▶ [Work instruction] Extract, in full, the lines below, beginning at the first and ending with the line that contains "보이스미터는 윈도 믹서를". Pictures do not belong in the copy.

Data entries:

● ● ●

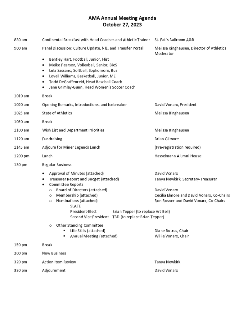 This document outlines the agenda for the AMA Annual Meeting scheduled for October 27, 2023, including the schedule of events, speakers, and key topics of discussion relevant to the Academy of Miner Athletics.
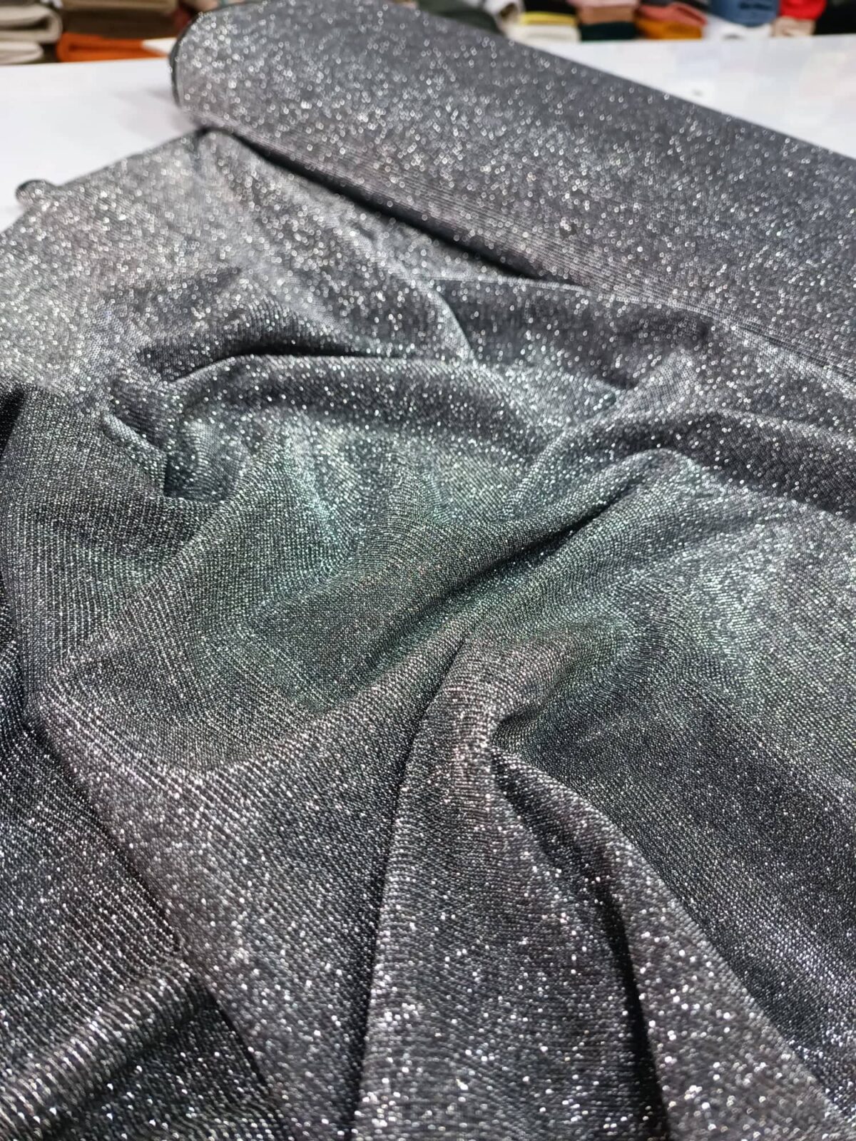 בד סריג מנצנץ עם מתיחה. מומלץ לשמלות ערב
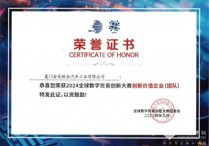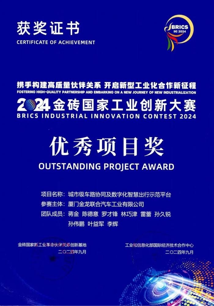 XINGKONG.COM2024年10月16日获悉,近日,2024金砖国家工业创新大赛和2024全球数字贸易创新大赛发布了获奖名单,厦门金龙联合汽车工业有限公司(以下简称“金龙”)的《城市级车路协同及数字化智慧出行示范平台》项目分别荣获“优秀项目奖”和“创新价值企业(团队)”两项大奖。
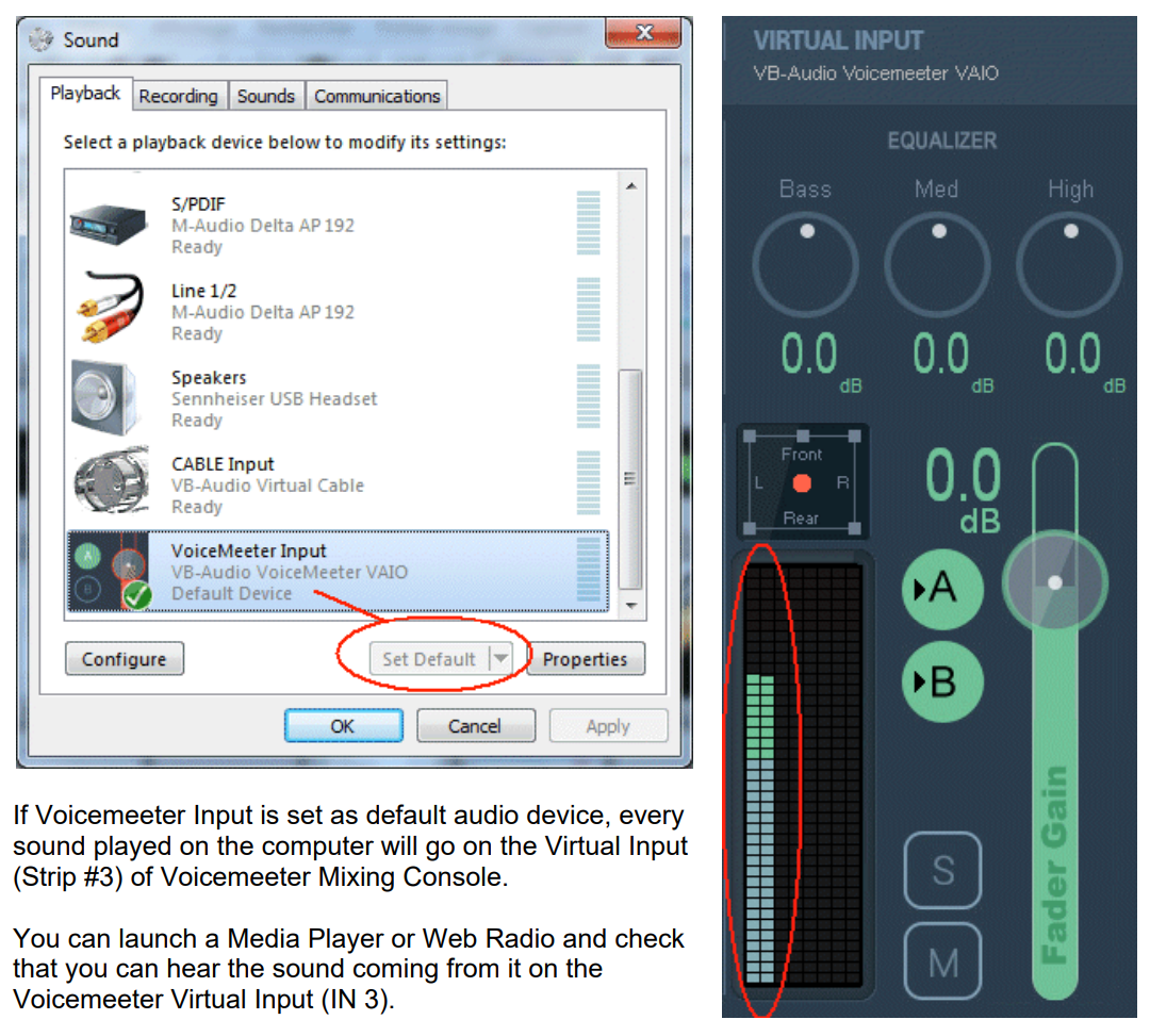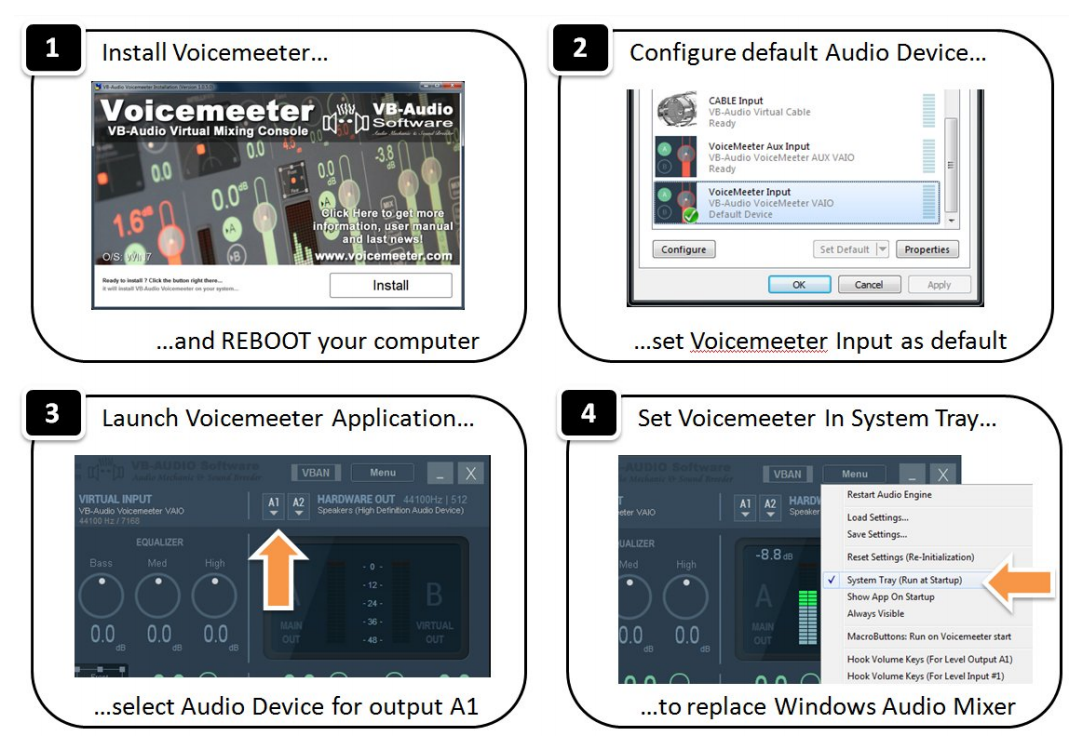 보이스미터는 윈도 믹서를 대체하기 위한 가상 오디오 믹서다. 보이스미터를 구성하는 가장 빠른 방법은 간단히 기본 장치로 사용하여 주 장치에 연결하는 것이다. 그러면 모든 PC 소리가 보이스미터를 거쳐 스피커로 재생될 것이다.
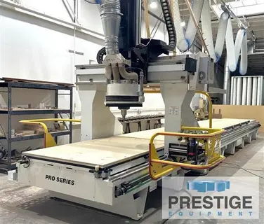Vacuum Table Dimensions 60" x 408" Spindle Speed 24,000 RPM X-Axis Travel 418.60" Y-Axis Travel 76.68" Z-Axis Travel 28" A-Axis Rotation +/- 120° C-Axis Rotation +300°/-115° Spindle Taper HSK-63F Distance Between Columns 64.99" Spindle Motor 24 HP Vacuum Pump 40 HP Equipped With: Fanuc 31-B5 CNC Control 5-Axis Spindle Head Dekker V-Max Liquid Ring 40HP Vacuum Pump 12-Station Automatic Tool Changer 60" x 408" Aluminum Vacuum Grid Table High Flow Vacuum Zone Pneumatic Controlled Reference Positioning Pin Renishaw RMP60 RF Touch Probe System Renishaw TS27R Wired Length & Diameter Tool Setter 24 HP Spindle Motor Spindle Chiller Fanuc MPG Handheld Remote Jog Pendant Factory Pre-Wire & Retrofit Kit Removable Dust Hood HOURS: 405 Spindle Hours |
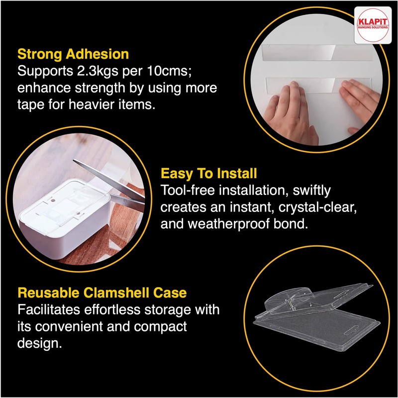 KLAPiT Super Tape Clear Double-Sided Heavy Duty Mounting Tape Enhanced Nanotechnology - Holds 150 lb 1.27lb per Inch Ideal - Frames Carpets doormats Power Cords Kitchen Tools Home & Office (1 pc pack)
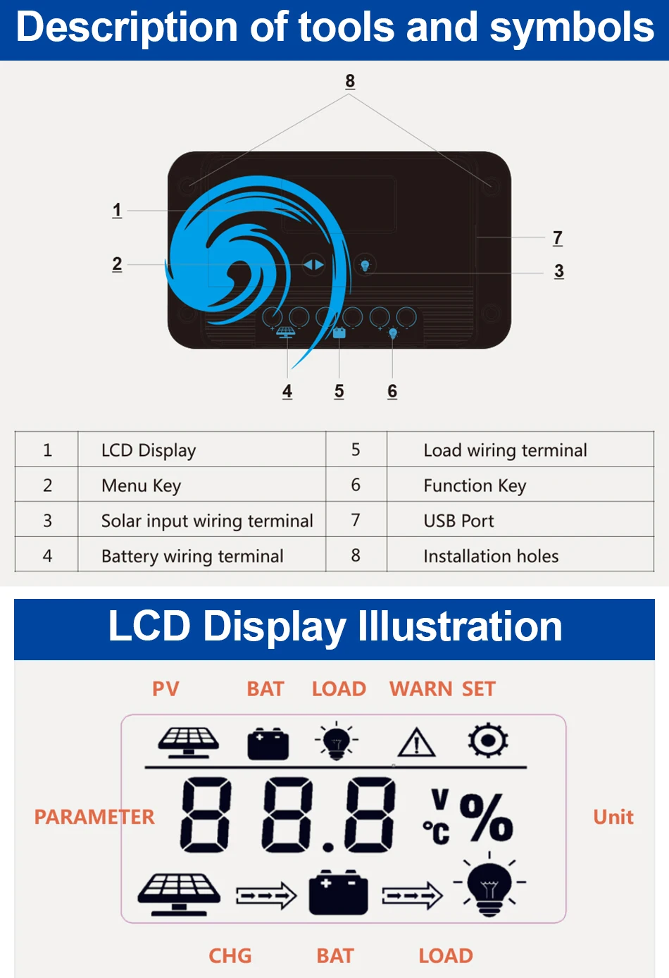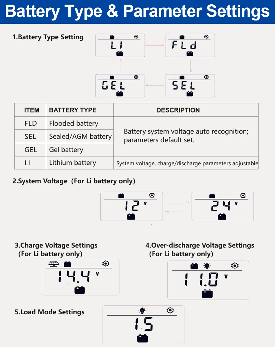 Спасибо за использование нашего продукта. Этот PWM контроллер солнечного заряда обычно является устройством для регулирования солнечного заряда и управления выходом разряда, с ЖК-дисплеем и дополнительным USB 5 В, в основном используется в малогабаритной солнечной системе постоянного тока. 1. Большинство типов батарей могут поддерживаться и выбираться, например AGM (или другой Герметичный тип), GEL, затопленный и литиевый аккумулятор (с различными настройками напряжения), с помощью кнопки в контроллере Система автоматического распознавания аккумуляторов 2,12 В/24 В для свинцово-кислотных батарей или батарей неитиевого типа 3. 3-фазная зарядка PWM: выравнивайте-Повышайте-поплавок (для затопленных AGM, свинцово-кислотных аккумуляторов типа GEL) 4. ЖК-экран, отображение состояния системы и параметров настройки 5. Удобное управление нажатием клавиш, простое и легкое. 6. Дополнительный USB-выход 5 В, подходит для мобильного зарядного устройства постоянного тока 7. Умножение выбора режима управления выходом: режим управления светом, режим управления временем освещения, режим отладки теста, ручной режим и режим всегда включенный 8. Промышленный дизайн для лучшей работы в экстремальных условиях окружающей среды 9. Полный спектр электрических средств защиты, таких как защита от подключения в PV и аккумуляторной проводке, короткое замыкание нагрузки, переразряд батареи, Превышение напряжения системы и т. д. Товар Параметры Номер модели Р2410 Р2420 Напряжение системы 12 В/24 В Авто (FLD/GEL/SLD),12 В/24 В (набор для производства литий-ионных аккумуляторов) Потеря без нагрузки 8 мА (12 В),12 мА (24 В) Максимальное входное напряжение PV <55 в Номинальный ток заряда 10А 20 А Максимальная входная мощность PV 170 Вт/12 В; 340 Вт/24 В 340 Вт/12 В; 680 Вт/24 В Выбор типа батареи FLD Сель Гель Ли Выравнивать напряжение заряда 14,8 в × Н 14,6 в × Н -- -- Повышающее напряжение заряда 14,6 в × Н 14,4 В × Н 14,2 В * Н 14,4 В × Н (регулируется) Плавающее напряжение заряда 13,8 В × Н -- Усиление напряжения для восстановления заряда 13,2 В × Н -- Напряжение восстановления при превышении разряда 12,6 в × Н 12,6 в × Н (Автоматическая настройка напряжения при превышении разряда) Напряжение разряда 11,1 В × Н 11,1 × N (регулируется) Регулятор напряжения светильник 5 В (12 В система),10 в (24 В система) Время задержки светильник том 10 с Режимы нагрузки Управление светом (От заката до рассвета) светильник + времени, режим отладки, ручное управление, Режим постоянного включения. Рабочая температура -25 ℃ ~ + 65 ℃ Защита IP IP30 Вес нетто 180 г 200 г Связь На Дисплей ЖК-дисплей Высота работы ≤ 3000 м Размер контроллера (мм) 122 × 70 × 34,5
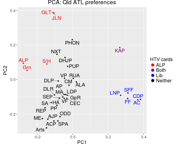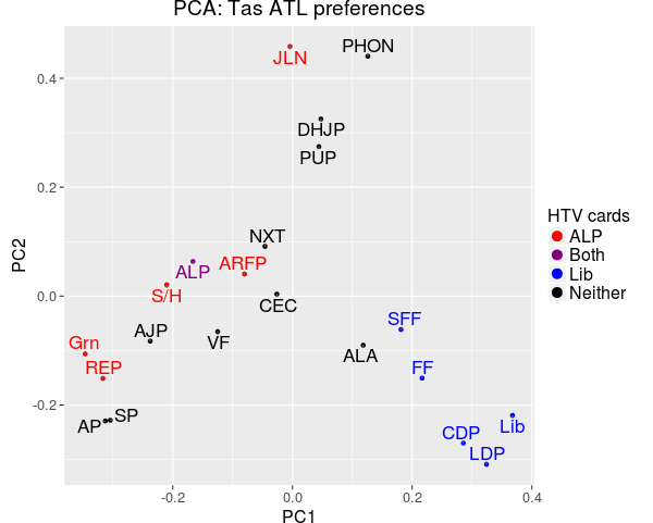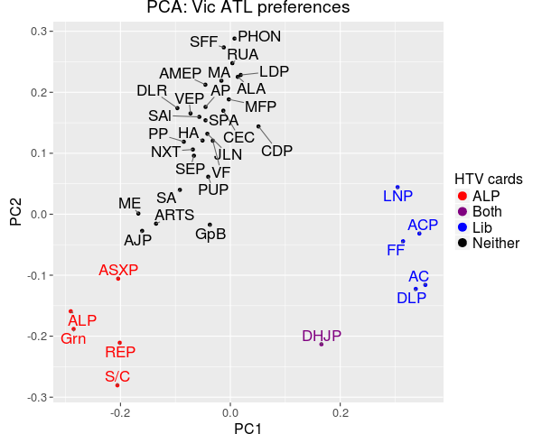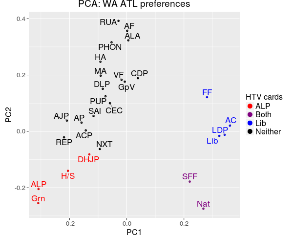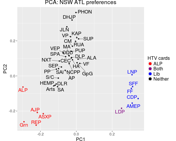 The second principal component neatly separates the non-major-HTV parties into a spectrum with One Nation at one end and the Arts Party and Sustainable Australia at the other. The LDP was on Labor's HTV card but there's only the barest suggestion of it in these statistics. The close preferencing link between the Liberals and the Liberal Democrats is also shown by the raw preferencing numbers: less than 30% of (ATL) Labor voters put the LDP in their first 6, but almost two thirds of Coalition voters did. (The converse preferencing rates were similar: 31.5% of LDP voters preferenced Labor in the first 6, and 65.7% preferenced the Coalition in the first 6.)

● ● ●

▶ [Your solution]
 This document outlines the agenda for the AMA Annual Meeting scheduled for October 27, 2023, including the schedule of events, speakers, and key topics of discussion relevant to the Academy of Miner Athletics.
 בד סריג מנצנץ עם מתיחה. מומלץ לשמלות ערב
 XINGKONG.COM2024年10月16日获悉,近日,2024金砖国家工业创新大赛和2024全球数字贸易创新大赛发布了获奖名单,厦门金龙联合汽车工业有限公司(以下简称“金龙”)的《城市级车路协同及数字化智慧出行示范平台》项目分别荣获“优秀项目奖”和“创新价值企业(团队)”两项大奖。
 보이스미터는 윈도 믹서를 대체하기 위한 가상 오디오 믹서다. 보이스미터를 구성하는 가장 빠른 방법은 간단히 기본 장치로 사용하여 주 장치에 연결하는 것이다. 그러면 모든 PC 소리가 보이스미터를 거쳐 스피커로 재생될 것이다.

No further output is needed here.